Does the Foton 254A diesel have glow plugs .. ?

I can't seem to find any

Here is a video I made to explain what things look like

https://youtu.be/TXuiWEOJr8Q

Thanks,

Gary


----------



## gdtractor (Sep 20, 2006)

*My email address ..*

.. is [email protected] (alternate email) 

THanks 

Gary


----------



## pogobill (Jan 31, 2012)

I didn't look at your video, but it should have glow plugs if it's a diesel. They may not have been hooked up at the factory to your ignition switch. Are your issues with just hard starting, or are you not familiar with the function of the glow plugs? The ignition switch should have an on position, then a spring loaded Heat position if you turn it a little more, then finally if you turn the key all the way it goes to the starter relay to turn over. The key should then return to the on position by itself. Are you giving your glow plugs a chance to heat up, or are they just not working?


----------



## thepumpguysc (Jan 25, 2015)

Yes it does.. 30 sec mark.. the bar w/ the orange/red wire on it is the hot wire.
should have 12volts to it in a certain key position.. either turning it LEFT for 15-30 sec and then right to start it.. OR a spring ramp just before the starter kicks in.. hold for 15-30 seconds.
You can check the bar w/ a cheap $5.00 volt meter..
If it wont activate w/ the key.. jump it w/a wire off the battery for 15-30 seconds then try to start.
Does it start at all or is it just HARD to start..


----------



## gdtractor (Sep 20, 2006)

*Thanks . here is the situation ....*

It starts hard when it is cold out .. 
It starts and runs great in warmer weather .. 

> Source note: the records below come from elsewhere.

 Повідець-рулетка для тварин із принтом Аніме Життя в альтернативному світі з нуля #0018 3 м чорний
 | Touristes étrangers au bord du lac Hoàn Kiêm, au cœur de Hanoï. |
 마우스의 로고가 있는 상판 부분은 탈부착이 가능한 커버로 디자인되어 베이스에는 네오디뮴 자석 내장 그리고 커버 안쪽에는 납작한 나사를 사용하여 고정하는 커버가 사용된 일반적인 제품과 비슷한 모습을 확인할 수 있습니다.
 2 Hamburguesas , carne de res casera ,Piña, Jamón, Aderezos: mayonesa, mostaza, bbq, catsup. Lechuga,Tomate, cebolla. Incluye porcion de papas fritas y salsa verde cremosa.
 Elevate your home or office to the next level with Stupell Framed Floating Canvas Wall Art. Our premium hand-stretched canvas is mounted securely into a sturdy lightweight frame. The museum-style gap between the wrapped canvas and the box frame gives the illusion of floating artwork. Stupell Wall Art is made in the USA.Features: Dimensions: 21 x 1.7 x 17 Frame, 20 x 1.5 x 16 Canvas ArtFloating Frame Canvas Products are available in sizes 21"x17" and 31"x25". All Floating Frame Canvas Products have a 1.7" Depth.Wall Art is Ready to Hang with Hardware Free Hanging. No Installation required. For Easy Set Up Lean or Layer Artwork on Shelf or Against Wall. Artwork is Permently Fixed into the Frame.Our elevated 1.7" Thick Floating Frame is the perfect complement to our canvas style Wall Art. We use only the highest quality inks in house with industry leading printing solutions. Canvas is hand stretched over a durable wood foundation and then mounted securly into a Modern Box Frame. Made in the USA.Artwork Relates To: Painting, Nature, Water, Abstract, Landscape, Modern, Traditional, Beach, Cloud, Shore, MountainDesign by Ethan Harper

It is my son's tractor that he bought used . 

And we could not figure out if the glow plugs were hooked up or not I will look again 

Thanks again SO MUCH ... this is very helpful !! 

BTW - it always starts but takes a while when cold out !! 

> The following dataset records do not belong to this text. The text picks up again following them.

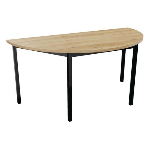 Table de réunion demi-lune polyvalente avec plateau mélaminé, épaisseur 25 mm. Chants ABS anti-choc 2 mm. Cadre métallique porteur de section 50 x 20 mm, rêvetement époxy, finition identique aux pieds. Piétement métal de section 30 x 30 mm finition époxy laqué Vérins de réglages de course 10 mm pour corriger les défauts du sol et proposer un alignement parfait entre les tables.
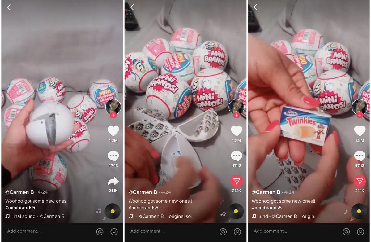 这款盲盒的外形是一个球形胶囊,里面装有五种不同的“迷你产品”,包括多芬、Twinkies、立顿等品牌,但消费者在购买之前并不知道会拆出来具体是哪一款产品。于是,能够满足好奇心的盲盒开箱视频成为了TikTok上的热门话题,标签#MiniBrands的观看次数超过3.93亿次,也带火了这款产品的线上线下的销售。
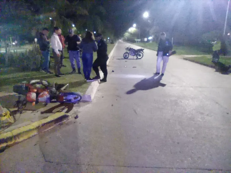 El segundo accidente se produjo a las 21:30 en Av. 33 y calle 20 del barrio B° Puigbo, entre una moto conducida por un adolescente de 14 años, quien iba acompañado por otro menor de la misma edad, y una motocicleta marca CORVEN 150 c.c., color negro, con dos ocupantes de 30 y 17 años. Estos últimos fueron trasladados en ambulancia al hospital local en estado de inconsciencia.
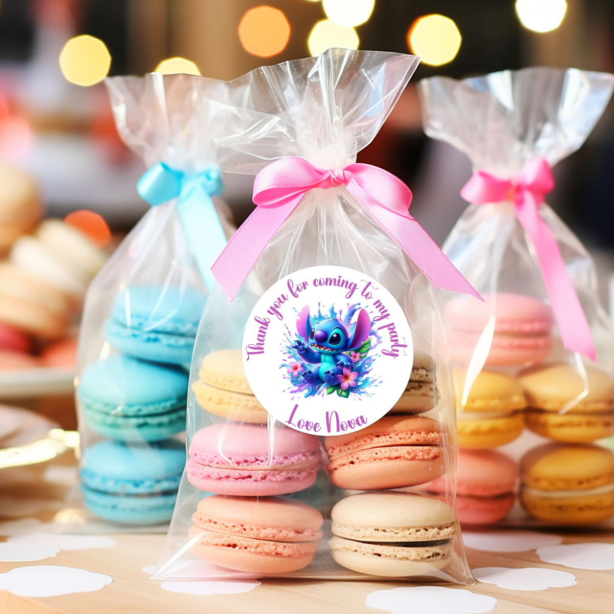 Add a personal touch to your party favours with our Stitch "Thank You for coming to my party" stickers. These adorable stickers can be personalised with your name making them the perfect way to express gratitude to your guests. Stick them on favour bags, gift boxes, or envelopes for a heartfelt touch. Say thank you in style with our personalised Stitch stickers!
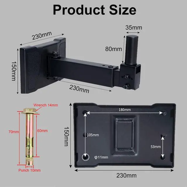 Wide range of applications: suitable for wall speaker mounting brackets in bars, home theaters, churches, conference rooms, classrooms and other places.
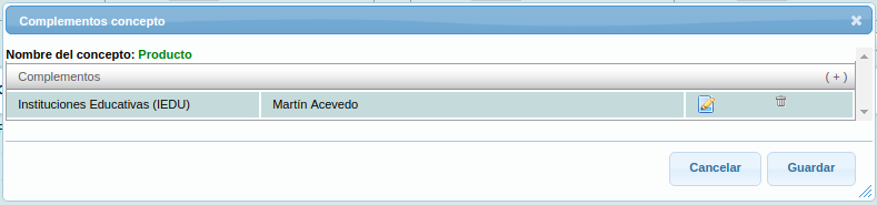 El sistema mostrará una ventana con la información del concepto. Para agregar el complemento dé click sobre el botón (+), que se encuentra del lado derecho de la ventana emergente.

We will do some testing .. etc . and see what happens 

Thanks much ... I REALLY appreciate this 

Gary


----------



## gdtractor (Sep 20, 2006)

*Thanks so much !!*



pogobill said:


> I didn't look at your video, but it should have glow plugs if it's a diesel. They may not have been hooked up at the factory to your ignition switch. Are your issues with just hard starting, or are you not familiar with the function of the glow plugs? The ignition switch should have an on position, then a spring loaded Heat position if you turn it a little more, then finally if you turn the key all the way it goes to the starter relay to turn over. The key should then return to the on position by itself. Are you giving your glow plugs a chance to heat up, or are they just not working?



Thanks so much .. Gary


----------